# Records to process
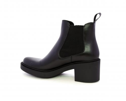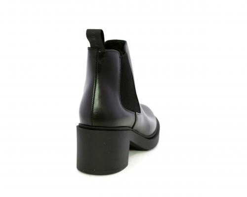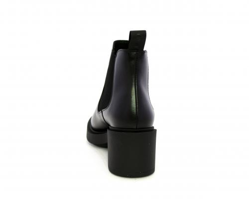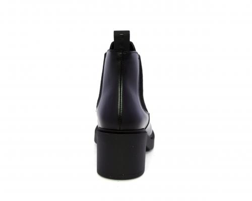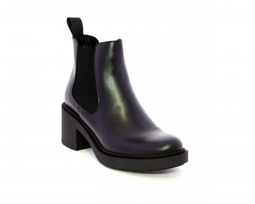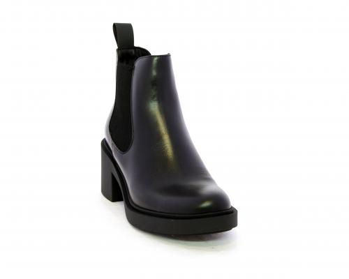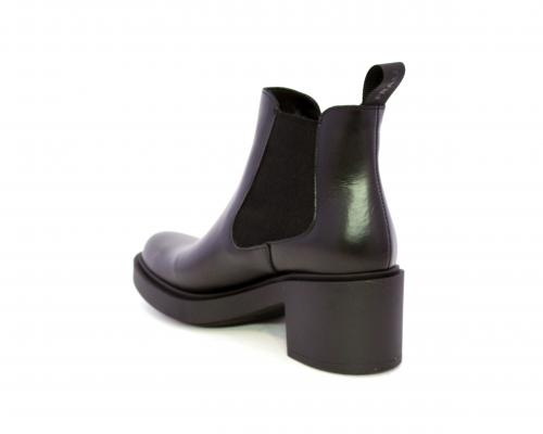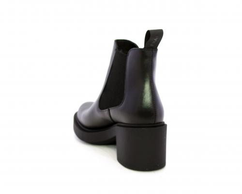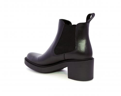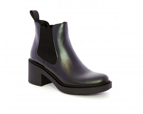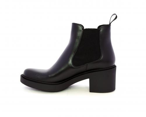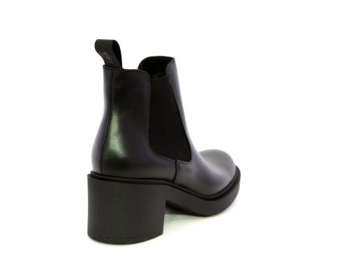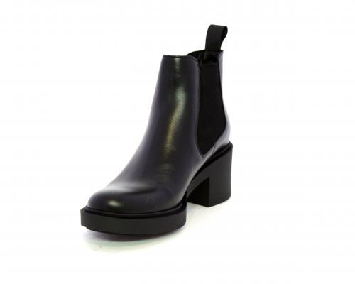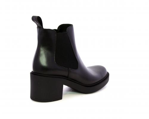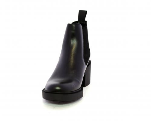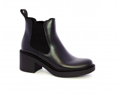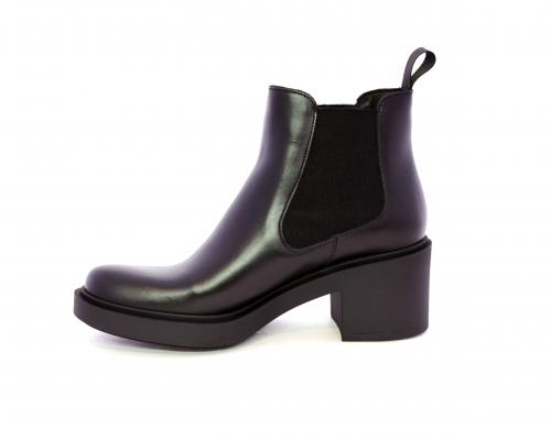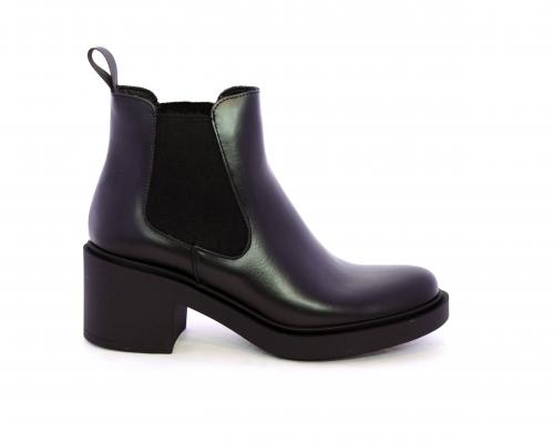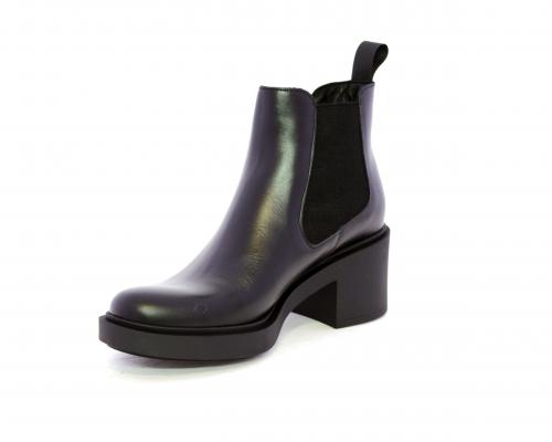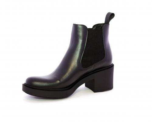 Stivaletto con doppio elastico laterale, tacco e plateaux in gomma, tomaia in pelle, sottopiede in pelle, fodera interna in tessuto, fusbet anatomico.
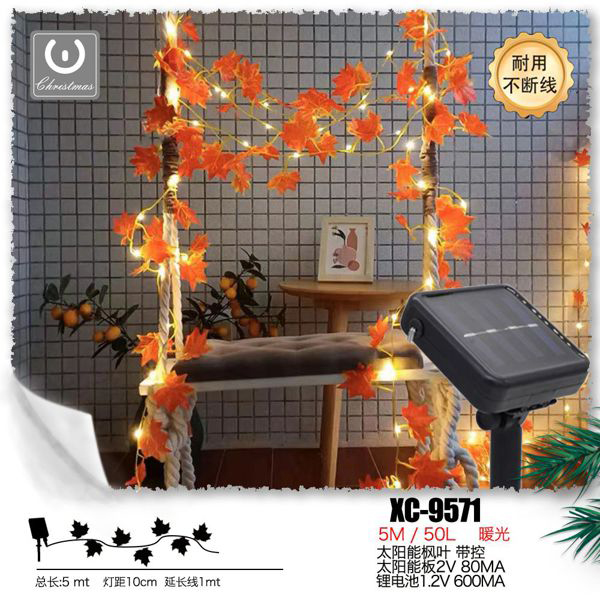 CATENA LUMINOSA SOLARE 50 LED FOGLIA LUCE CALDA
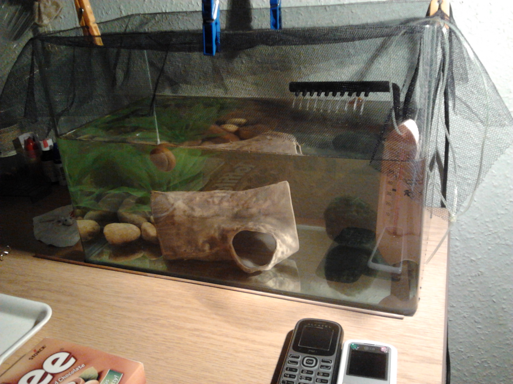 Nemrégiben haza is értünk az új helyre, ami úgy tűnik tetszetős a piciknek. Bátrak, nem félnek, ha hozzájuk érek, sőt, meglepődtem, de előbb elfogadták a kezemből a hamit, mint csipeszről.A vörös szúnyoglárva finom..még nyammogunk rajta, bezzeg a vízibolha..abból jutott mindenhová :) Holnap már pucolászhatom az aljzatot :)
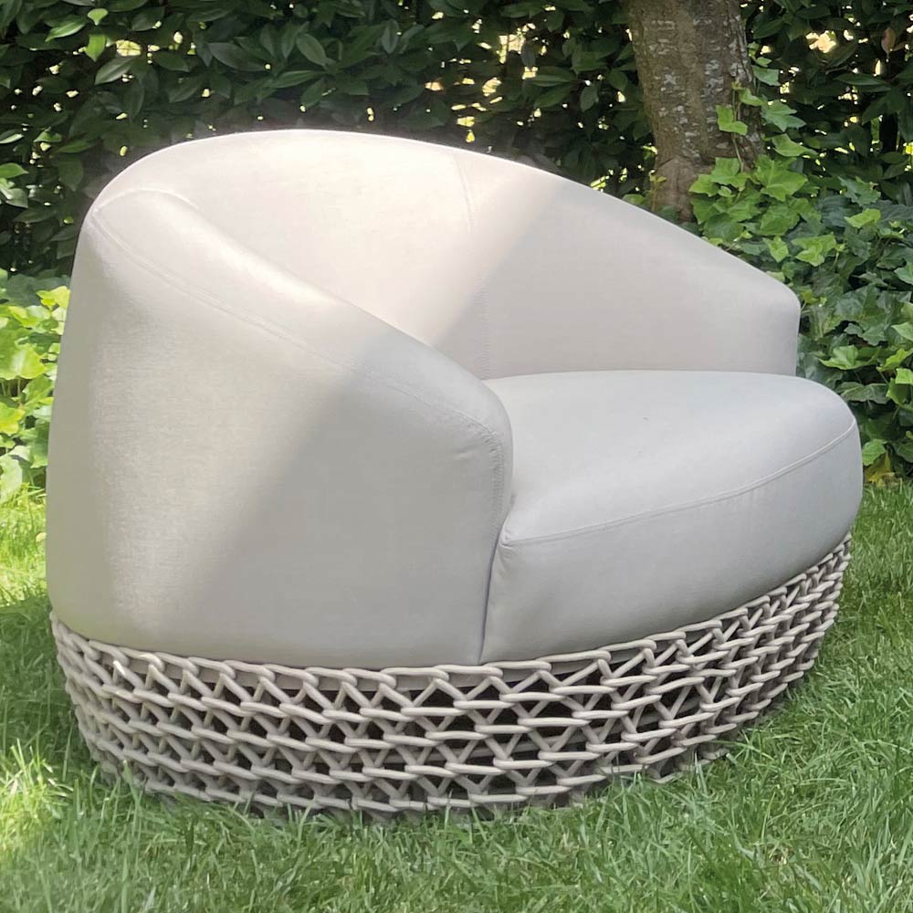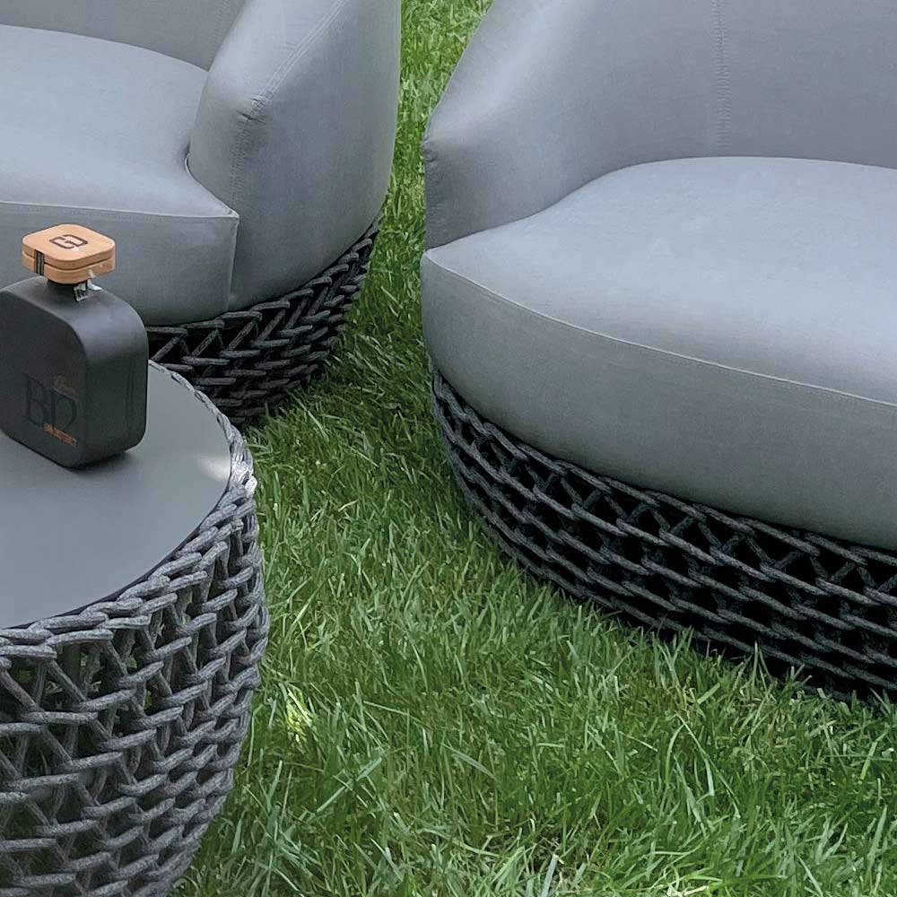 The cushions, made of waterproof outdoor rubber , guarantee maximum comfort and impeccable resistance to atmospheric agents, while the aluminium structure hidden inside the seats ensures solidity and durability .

---

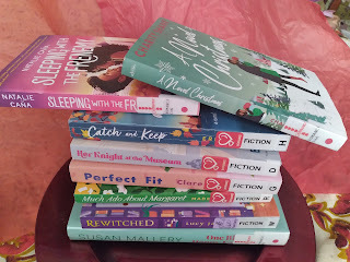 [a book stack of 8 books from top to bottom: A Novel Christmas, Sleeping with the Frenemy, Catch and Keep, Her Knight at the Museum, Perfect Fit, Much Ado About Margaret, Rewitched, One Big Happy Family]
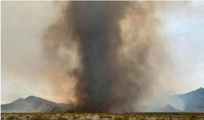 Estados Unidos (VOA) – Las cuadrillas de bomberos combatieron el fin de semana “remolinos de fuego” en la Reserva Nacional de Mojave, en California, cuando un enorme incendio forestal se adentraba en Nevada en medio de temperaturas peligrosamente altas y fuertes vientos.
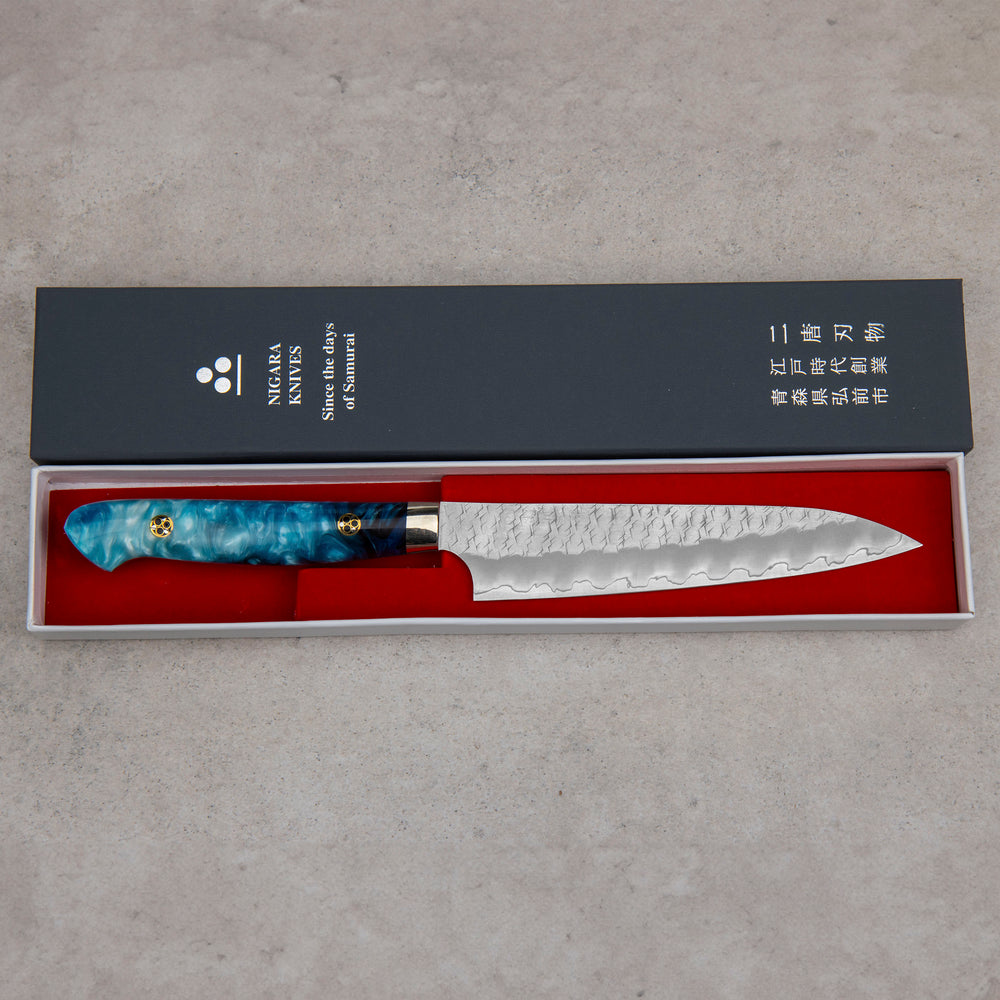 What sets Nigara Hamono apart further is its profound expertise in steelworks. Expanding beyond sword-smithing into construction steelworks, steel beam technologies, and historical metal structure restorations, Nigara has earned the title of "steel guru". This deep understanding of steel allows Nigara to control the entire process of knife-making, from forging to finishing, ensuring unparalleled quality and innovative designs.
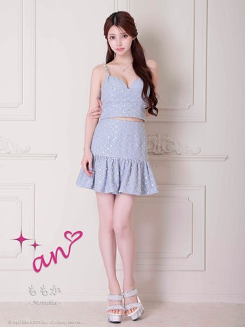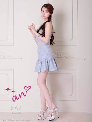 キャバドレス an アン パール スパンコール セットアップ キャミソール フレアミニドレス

# Work required
From the line holding "Nemrégiben haza is" to the line holding "The cushions, made", both included, retype the entries above exactly and drop the pictures.

# Finished exercise
 Nemrégiben haza is értünk az új helyre, ami úgy tűnik tetszetős a piciknek. Bátrak, nem félnek, ha hozzájuk érek, sőt, meglepődtem, de előbb elfogadták a kezemből a hamit, mint csipeszről.A vörös szúnyoglárva finom..még nyammogunk rajta, bezzeg a vízibolha..abból jutott mindenhová :) Holnap már pucolászhatom az aljzatot :)
 The cushions, made of waterproof outdoor rubber , guarantee maximum comfort and impeccable resistance to atmospheric agents, while the aluminium structure hidden inside the seats ensures solidity and durability .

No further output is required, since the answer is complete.